松井さん、固まる。
結局なにか使えそうな車両はみつかることなく、私は10分間も地獄を味わったのだった。
【お、おい。倉坂、大丈夫か?さすがに悪かった。これから気を付けるから許してくれ。】
半分死んだ顔をしている私をみて、松井さんが謝ってくれた。本当にもうこりごりだ。
発電施設は、小さなテーマパークほどの大きさがあった。大きすぎなのか、これが普通なのかはわからないけどこんなもんということにしておこう。
【よっしゃあ!じゃあ行くぞ!倉坂は分かれて施設の機能を停止させてくれ。ブレーカーがあるはずだ。】
「わかりました。では、またあとで。」
別れを告げて、二人駈け出そうとした。と思ったが松井さんが動かない。
【おう!じゃあ......。あれ?おかしいな。】
「どうしたんです?松井さん。」
【動かないんだ。体は動くんだけど、スーツのほうが。】
松井さんが仁王立ちの格好で固まって、困った声をだしている。なかなかシュールなので笑ってしまいそうになるが堪えた。そこに川瀬さんから無線が入る。

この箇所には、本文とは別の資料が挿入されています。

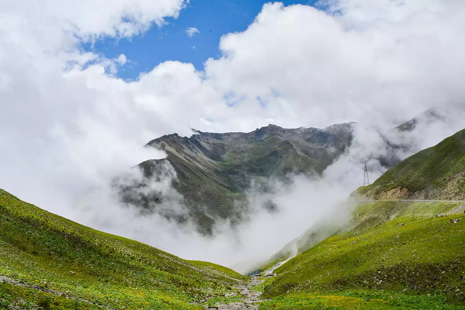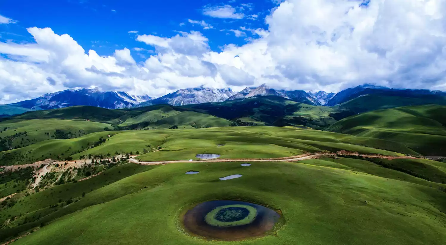 A small lake known as the Eye of Genyen is surrounded by flowers, while the undulating mountains in the distance resemble the most beautiful curves of the human body. Snow-capped mountains appear and disappear amidst this endless expanse of greenery, adding a touch of fairyland charm.

『あー、あー、聞こえますかー?倉坂さん、松井さん。』
「はい。私は聞こえてます。どうしました?」
【倉坂、俺は何も聞こえないぞ】
「川瀬さん、松井さんが聞こえてないそうです。」
『やっぱりですか。実はその近辺、ジャマーとか妨害電波のようなものが張られているようです。ハチャメチャな機械を制限するためでしょうか。でもこの程度のジャマーにやられてしまうなんて、僕の設計ミスですね。悔しい。仕方ないので倉坂さん、一人で制圧してください。松井さんの言う通り、12ある施設の一つ一つにメインブレーカーがあります。頑張ってくださいね。』
えぇ.....一人でこのテーマパークを攻略しろというのかこの人は。
『ま、できますよ。敵もそんなに強くないですし。まだ人ですから。』
そ、そりゃ人でしょうよ!ここで悪魔とか出てこられたら困ります。
『それとウィンドブレーカー機能使ってます?あれ、機関銃の銃弾ぐらいなら防げますから使ってくださいよ。』
「あ、忘れてました。あれ、どこについているか地味にわからないんですが。」
『出刃包丁の右側です。ログ見てたら、倉坂さん果物ナイフしか使ってないでしょう?ちょっとは出刃包丁使ってくださいよ。』
「えぇ、だって怖いんですよ。至近距離で爆発するの。」
『そのためのウインドブレーカーですよ!』
走りながら無線で会話してると、一つ目の施設についた。
「えぇ、そうだったんですね!?あれ出刃包丁の爆風も防げるんですか?」
『そうですよ!施設内部に入るみたいなんで、いったん切りますよ?』
ぶつっと音がして、無線が切れたことがわかる。ここに来るまでに30人ほど切った。
ウィンドブレーカー機能は私の出刃包丁に付けられた機能で、この機能を使うことにより、使用者の周り1mくらいを不思議なパワーの風で覆ってしまい、それに触れた射出物や、投擲物を地平のかなたに飛ばしてしまう魔法のような結界なのだ!すごいテクノロジーである。
「ふぅ。この扉、開かないなぁ。」
実はさっきから施設の扉をガチャガチャやっているんだけど、鍵がかかっているのか開かない。
「......出刃包丁、使ってみるか。」
出刃包丁に持ち替え、ウィンドブレーカー機能をオンにする。振りかぶる。ドアに思い切りたたきつけて、すぐに距離をとる!
すると大きな爆発。煙が晴れて、扉がなくなったことを確認する。
「かんっぺき!さすが私!」
一人、出刃包丁をもってはしゃぐ、19歳女性。
ふと我に返って悲しくなった。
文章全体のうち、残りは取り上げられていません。